For these reasons, genetic
changes in the ras oncogene have been an appealing target. Mutational
activation of ras occurs in approximately 30% of lung adenocarcinomas,
as well as in high frequency in adenocarcinomas of the bowel and pancreas. Activation
almost always involves point mutation at codons 12,13, or 61.[23] Presence of
ras mutations in lung adenocarcinoma is closely linked with prior cigarette
smoking and appears to be an adverse prognostic factor independent of stage.
Sidranski et al[24] first
demonstrated that ras mutations could be identified in exfoliated cells
present in the stool of patients with resectable and potentially curable colon
cancer. Subsequently, Tobi et al[25] were able to detect ras mutations
at codon 12 in exfoliated colonic mucosa in 40% of clinically normal individuals
at high risk for developing colorectal cancer because of strong family history
or a personal history of adenomas. Others have reported detection of mutant
ras in gastric aspirates and stool specimens of patients with pancreatic
cancer.[26,27]
Several recent reports extend
these data to lung cancer. Kelly et al[28] have demonstrated the feasibility
of detecting ras mutations in cells obtained by sputum cytology in patients
with known lung cancer. Mills et al[29] have described using a sensitive assay
for K-ras codon 12 mutations in individuals suspected of having lung
carcinoma. They studied 87 specimens of bronchoalveolar lavage fluid that had
been obtained from 86 patients, 35 of whom underwent subsequent diagnostic bronchoscopy.
Of 52 patients with diagnosed lung cancer, 16 had bronchoalveolar lavage with
K-ras 12 codon mutations, including 14 of 25 patients with adenocarcinoma,
1 of 3 with bronchoalveolar carcinoma, 1 of 5 with large cell carcinoma, and
none of 14 with squamous cell carcinoma. Mutations were detected in an additional
four cases in whom cancer was clinically suspected but had not been clinically
confirmed. Tissue samples from the 35 patients with K-ras mutations in
exfoliated cytology were concordant for the same mutation in all cases. No mutations
were seen in 30 patients with diagnoses other than non-small cell carcinoma.

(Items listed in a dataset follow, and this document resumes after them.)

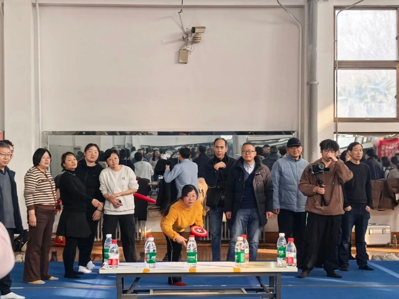 运动会的五个比赛项目设计巧妙,集趣味性、协作性和挑战性于一体,充分考验了老师们的个人技巧与团队默契。作为开场项目,投壶这项古老而优雅的游戏迅速让赛场安静下来。老师们凝神静气,瞄准壶口,沉稳投掷。每一次投中,都引来全场热烈的欢呼与掌声。在踢毽子接力项目中,彩色的毽子在空中划出优美的弧线。这项比赛不仅是个人脚上功夫的展示,更是团队衔接流畅度的考验。老师们身手矫健,配合默契,在完成踢毽与手脑挑战的接力中,将现场气氛推向了一个小高潮。蒙眼转圈再投球无疑是全场笑声最多的项目。老师们蒙上双眼,原地转圈后已是方向难辨,只能依靠队友的声音指引,摸索着将乒乓球投出。此起彼伏的提示声与投偏后的欢笑声交织在一起,深刻体现了团队成员间的信任与扶持。飞盘打水项目中,飞盘在空中旋转飞向目标,每一次精准的命中都伴随着阵阵喝彩。这个项目让老师们在运动中释放了压力,享受了投掷的乐趣与成就感。作为压轴项目,“流星赶月”对团队配合的要求最高。小小的乒乓球在老师们手中的桶间飞速传递,紧张刺激。各队争分夺秒,策略各异,将团队协作精神发挥得淋漓尽致,现场加油声、呐喊声此起彼伏,气氛热烈至极。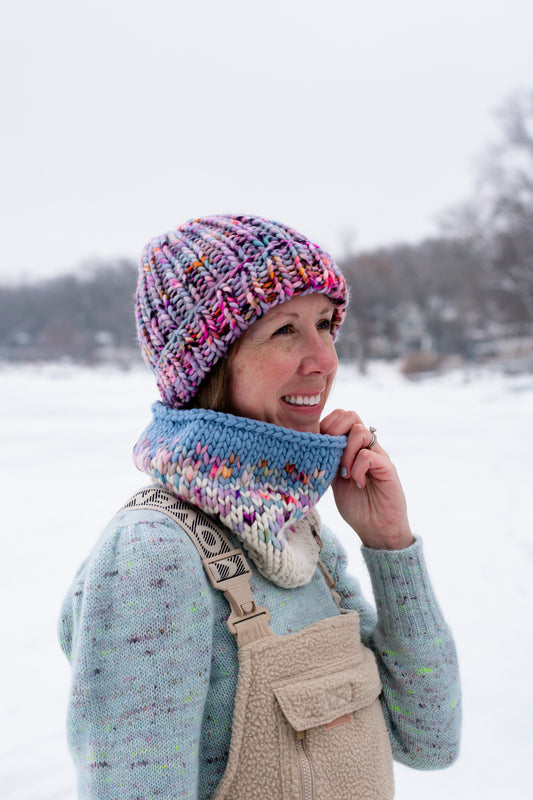 Sold out: check back soonPurple and Blue Merino Wool Fair Isle Hand Knit Cowl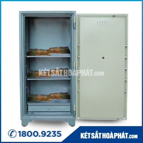 - Két sắt chống cháy Hòa Phát được thiết kế 3 lớp, 2 lớp tôn dày phía ngoài có thể chống cháy ở nhiệt độ cao và một lớp cát cách nhiệt ở giữa.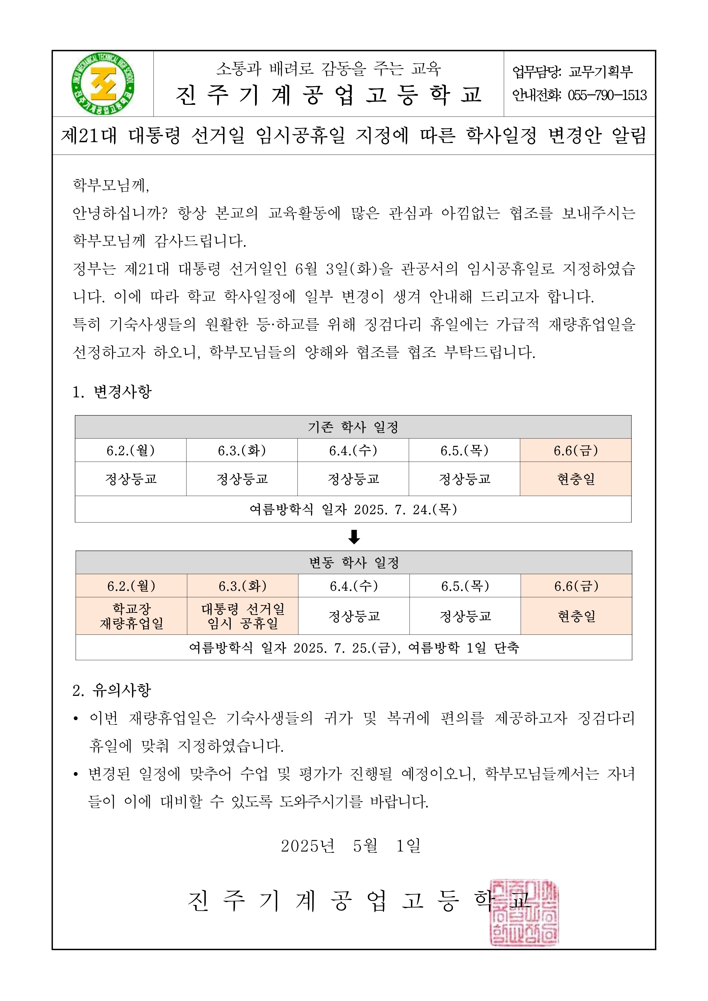 제21대 대통령 선거일 임시공휴일 지정에 따른 학사일정 변경안 알림
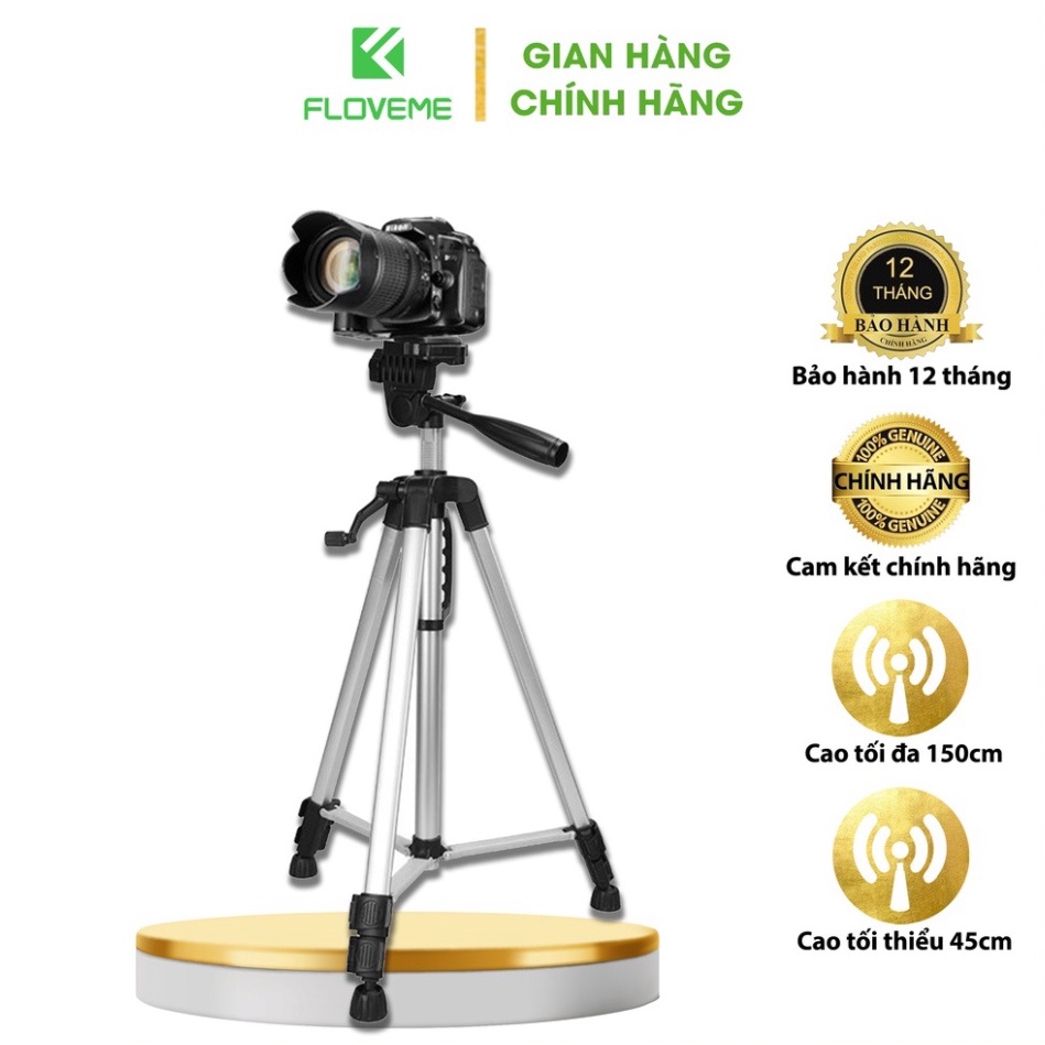 Gậy 3 Chân Máy Ảnh Chụp Hình Selfie Tự Sướng Tripod Floveme - 3366 cao 150cm Kèm Giá Đở Điện Thoại & Máy Ảnh .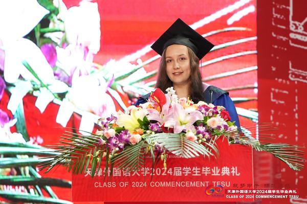 毕业生代表国际教育学院留学生玛丽娜发言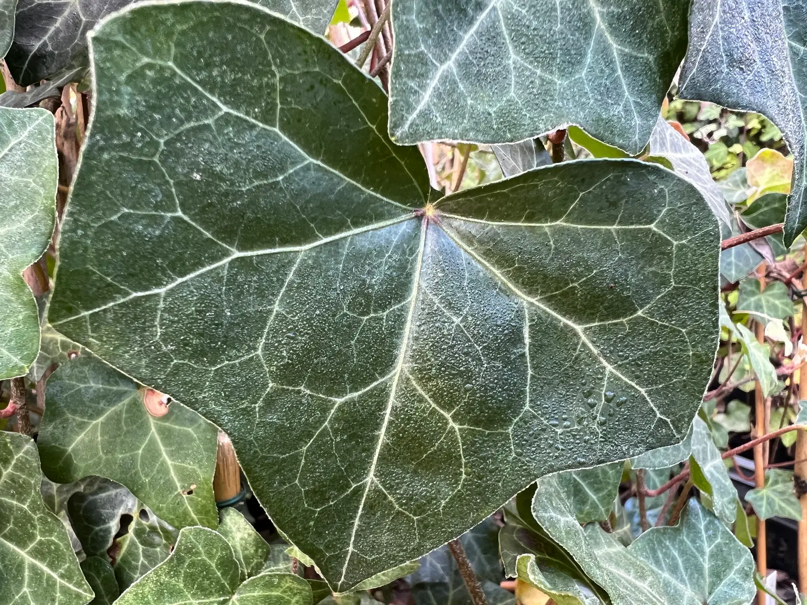 Sierklimop, Hedera helix ‘Harrison’, présente des feuilles vert foncé lustré avec une nervation bien marquée et un lobe central triangulaire.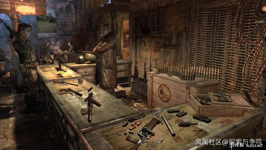 《地鐵》遊戲內奇妙的經濟系統,也是為人稱道的特色。由於物資匱乏且怪物橫行,地鐵內的居民為了防身不得不製作威力差且容易炸膛的土質子彈,而核戰爭前殘留的正規軍用子彈,成了流通於地鐵社會里的硬通貨。玩家在遊戲過程中可以使用軍用子彈換取必要的物資,在遇到強大的敵人時,為了保命也可以發揮軍用子彈最初的使命——把它們射擊出去。《地鐵》內的經濟系統與同為廢土題材的《輻射》構成鮮明的對比:《輻射》裏的貨幣可樂瓶蓋,本身並不具有硬通貨的價值,它像和平社會流通的紙幣一樣,所代表的價值全靠社會信用體系背書,而在廢土世界中金融體系崩壞,讓作為貨幣的可樂瓶蓋有了一絲黑色幽默意味。《地鐵》裏的貨幣軍用子彈,既是貨幣也是物資,這樣的經濟體系勢必存在隱患——人類收集寶貴的軍用子彈是為了在面對致命的危險時保護自己,因此軍用子彈是會被消耗的,軍用子彈的枯竭會帶來地鐵社會的經濟崩潰。《地鐵》的經濟系統暗含着這樣的假設:地球不可能承受人類沒有上限的破壞、重建和再破壞,如果地表-地下的輪迴反覆進行,地球資源總有一天會像軍用子彈一樣被消耗殆盡。人類不能無限地重複昔日犯下的錯誤,反覆被使用的二手時間,遲早會帶來破壞性的結果。

Unfortunately, the clinical stage of these patients was not described.
In an extension of this
methodology to patients without diagnosed malignancy but at risk, Mao et al[30]
examined sputa that had been obtained during the JHLP with a percentage of patients
having gone on to develop adenocarcinoma. Of 15 patients so identified, analysis
of the resected tumor specimen showed mutated ras or p53 in 10 patients.
In eight of these 10, the same mutation could be demonstrated in sputum samples
that had been obtained at least one year prior to clinical diagnosis.[30]
Healthy individuals as well
as those with cancer have small amounts of soluble DNA fragments in their circulation;
Sorenson et al[31] have taken advantage of this fact and developed a polymerase
chain reaction assay to look for ras mutations (codon 12) in patients
with lung cancer. They have reported preliminary findings indicating the feasibility
of such detection in patients with known lung cancer and are extending the methodology
to study high-risk individuals.
These are all preliminary
studies of limited numbers of patients, and most have used detection of ras
mutations which are present in only approximately 30% of lung cancers. Ras
mutations are not seen in SCLC, so other strategies will have to be developed
for their screening. Substantial technical issues remain to be resolved before
they can be more widely implemented.[32] These or similar tests will no doubt
be available on the internist's laboratory order sheet in the near future. As
noted above, these genetic changes are seen in both invasive tumors and preneoplastic
epithelium. Substantial questions as to their interpretation will arise, and
initial caution is in order.[33]
In determining the various
genetic and phenotypic differences between normal and malignant lung tissue,
several questions should be considered: Which genetic events are causative and
which are bystander? Is there an obligate sequence of genetic events (ie, early
vs late events) or is the cumulative mutational burden the relevant causative
factor? If there is a required or usual sequence, can early events be used as
early detection markers? Are some later events (eg, mdr amplification,
ras activation) prognostic markers independent of stage and histology?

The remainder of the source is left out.